If Jackson County legislators don't act by May 1, the new jail's price could jump by millions
The group designing and building the jail says it's held the line on costs as long as they possibly can. But a new majority in the Jackson County legislature has other ideas for what a new jail should look like — or if one should be built at all.
The Jackson County Legislature now has a May 1 deadline to act on a plan that would cap the price of a new jail at $301 million.
A letter to the county from JCDC Partners, the company designing and building the project, said it has held the line on cost as long as possible.
“This monthly escalation will undoubtedly cost the County several million dollars which would negatively impact the ability to deliver a project that meets your stated goals and program,” the letter, dated April 12, said.
KCUR obtained the letter through the Missouri Sunshine Law.
In fact, the letter said, the price of copper has already shot up $200,000 and there is little JCDC can do about that. While that cost increase can be absorbed into the previous budget, any future increase could be problematic.
Jackson County legislators are set to discuss the $301 million budget on Monday, after taking no action on the issue this week.
There is also concern among some county officials that the new majority on the Legislature will put the question to build a new jail to voters — which could delay a new detention center for years.
“I fear the price will go so high that we’ll never have a new jail,” said Legislator Jalen Anderson.
The project is already $44 million over the original cost. When the county broke ground in September the price tag was $256 million. But even as county officials were using golden shovels to break ground, JCDC warned the price was going to increase.

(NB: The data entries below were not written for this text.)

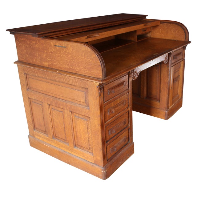Eagle Craft Oak Roll Top Secretary Desk Chairish Oak Craft Roll Top Desk Secret Compartment this article discusses hidden compartments found in antique furniture pieces, especially desks and secretaries, and. I plan to create false backs for each, just so. i have an antique english roll top desk and the brass lock is only for securing the tambour and the middle. i've got 4 drawers i can use to make secret compartments. Oak Craft Roll Top Desk Secret Compartment.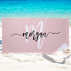 Envuélvete en lujo con la toalla de playa con nombre de monograma femenino de escritura moderna rosa elegante. Esta toalla chic presenta un hermoso fondo rosa con un monograma personalizado en escritura elegante, lo que añade un toque de sofisticación a tu experiencia en la playa o junto a la piscina. Hecha de material suave y absorbente, es perfecta para secarse después de nadar o para tumbarse al sol. El gran tamaño proporciona una amplia cobertura, mientras que el diseño elegante hace una declaración. Ideal para salidas de verano, vacaciones o días de spa, esta toalla de playa combina comodidad y estilo, lo que la convierte en un accesorio imprescindible para cualquier persona que siga la moda en la playa.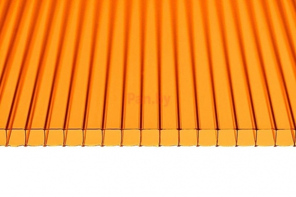 Сотовый, цветной поликарбонат ОРАНЖЕВЫЙ, толщиной 4 мм ,получил широкое распространение в различных сферах, где наряду с прочностью требуется привлекательность конструкций.Представляет собой полые панели, в которых 2 или более тонких слоев поликарбоната соединены продольными ребрами жесткости.Отличается повышенной прочностью и устойчивостью к агрессивным погодным условиям: высокой влажности, перепадам температуры, сильным морозам. Имеет надежную защиту от ультрафиолетового излучения. Хорошая пластичность позволяет монтировать из листов поликарбоната различные арочные конструкции. Листы предназначенны для светопрозрачных ограждающих конструкций зданий стены, кровли, перегородки, навесы и сооружений различного назначения теплицы, мансарды т п. |

“As recent budgets have been developed it is apparent that the program and design criteria will not be able to be constructed for the $256.5 million budget,”JCDC said in a monthly update. (There has not been an update from JCDC posted to the website since November.)
The county planned on having a 1,200 bed facility which could be expanded if needed. The number of beds may have to be reduced even if the Legislature approves a $301 million price tag. The current downtown jail has about 750 beds but the population often hovers right under 1,000.
Further complicating the project are ongoing discussions with Kansas City over whether to build a combined facility. Kansas City Mayor Quinton Lucas says he expects talks with the county to pick up steam in the months ahead.
“Why would you build a $200 million city jail and a $300 million county jail, and spend half a billion or more on incarceration, when perhaps there are economies of scale by putting them together,” Lucas told KCUR this week.